Update: the "select in" strategy is now implemented in SQLAlchemy (since version 1.2): see Downloading the IN load in the documentation.
TL; DR:
I think that the joint joinedload should be used where possible, as it is more efficient than other strategies, including the strategy proposed in the question for loading related data using the "IN" operator.
The "IN" strategy can be fairly easily implemented "outside" of SQLAlchemy (see the code below), and probably it should not be difficult to implement it as a new loading strategy (since it is logically similar to the existing subqueryload strategy).
Full version:
I started with a simple experiment to see the queries created by different strategies.
The full source code for the experiment is on Github .
My models look like this:
class Author(ModelBase): __tablename__ = 'authors' id = Column(Integer, primary_key=True, nullable=False) name = Column(String(255)) class Book(ModelBase): __tablename__ = 'books' id = Column(Integer, primary_key=True) name = Column(String) author_id = Column(Integer, ForeignKey('authors.id')) author = relationship( 'Author', backref=backref('books'))

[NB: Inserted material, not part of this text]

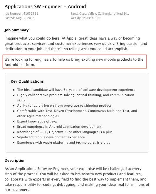 شركة آبل كشفت نيتها في تقديم تطبيقات أندرويد من خلال عرض توظيف على موقعها الرسمي خلال اليومين الماضيين تشير فيه بصراحة رغبتها في توظيف مهندسيين من أجل تطوير" منتجات مثيرة خاصة بالأجهزة المحمولة على منصة أندرويد" و هو ما يؤكد وجود مشاريع حقيقية في رفوف آبل خاصة بهذا النظام.

Now tests, lazy loading first:
books = session.query(Book).all() print books[0].author.name session.commit()
Conclusion (cleaned out):
-------------Lazy-------------- sqlalchemy.engine.base.Engine: SELECT books.id AS books_id, books.name AS books_name, books.author_id AS books_author_id FROM books SELECT authors.id AS authors_id, authors.name AS authors_name FROM authors WHERE authors.id = ? INFO:sqlalchemy.engine.base.Engine:(1,) author1
As expected, delayed loading launches one request for fetching books and one request each time we contact the author.
Subquery loading:
books = session.query(Book).options(subqueryload(Book.author)).all() print books[0].author.name session.commit() -------------Subquery---------- SELECT books.id AS books_id, books.name AS books_name, books.author_id AS books_author_id FROM books SELECT authors.id AS authors_id, authors.name AS authors_name, anon_1.books_author_id AS anon_1_books_author_id FROM ( SELECT DISTINCT books.author_id AS books_author_id FROM books) AS anon_1 JOIN authors ON authors.id = anon_1.books_author_id ORDER BY anon_1.books_author_id author1
For a subquery, we have two queries: first a selection of books, and another selection of authors using a subquery.
Attached Download:
books = session.query(Book).options(joinedload(Book.author)).all() print books[0].author.name session.commit() -------------Joined------------ SELECT books.id AS books_id, books.name AS books_name, books.author_id AS books_author_id, authors_1.id AS authors_1_id, authors_1.name AS authors_1_name FROM books LEFT OUTER JOIN authors AS authors_1 ON authors_1.id = books.author_id author1
The combined strategy launches just one request to get both books and authors.
Immediate download:
books = session.query(Book).options(immediateload(Book.author)).all() print books[0].author.name session.commit() -------------Immediate--------- SELECT books.id AS books_id, books.name AS books_name, books.author_id AS books_author_id FROM books SELECT authors.id AS authors_id, authors.name AS authors_name FROM authors WHERE authors.id = ? INFO:sqlalchemy.engine.base.Engine:(1,) SELECT authors.id AS authors_id, authors.name AS authors_name FROM authors WHERE authors.id = ? INFO:sqlalchemy.engine.base.Engine:(2,) author1
And the immediate strategy loads the books with the first query, and then, when we try to access the relation, it selects all the related data with a separate query for each related record.
It seems that "joinload ()" should be the most efficient in most cases (and more efficient than the "IN" strategy) - we just get all the data in one request.
Now let's try to implement the IN strategy outside of SQL alchemy:
print '-------------IN----------------' books = session.query(Book).all() ids = set() for b in books: ids.add(b.author_id) authors = session.query(Author).filter(Author.id.in_(ids)).all() print books[0].author.name print books[1].author.name print books[2].author.name print books[3].author.name
Exit:
-------------IN---------------- SELECT books.id AS books_id, books.name AS books_name, books.author_id AS books_author_id FROM books SELECT authors.id AS authors_id, authors.name AS authors_name FROM authors WHERE authors.id IN (?, ?) INFO:sqlalchemy.engine.base.Engine:(1, 2) author1 author1 author2 author2
As we can see, it launches two requests, and then we can access all the authors.
Please note that we do not explicitly attach authors to books, but this still works when we try to access authors through books, because SQLAlchemy finds author entries in the internal identity map and does not start additional database queries.
The βINβ strategy code, similar to the one above, can be generalized into a function that can be used with any model / relation. And, probably, the βINβ strategy should be relatively easy to implement as a new SQLAlchemy strategy, it is similar to the existing subqueryloading - it also has to execute a second query to get the associated data.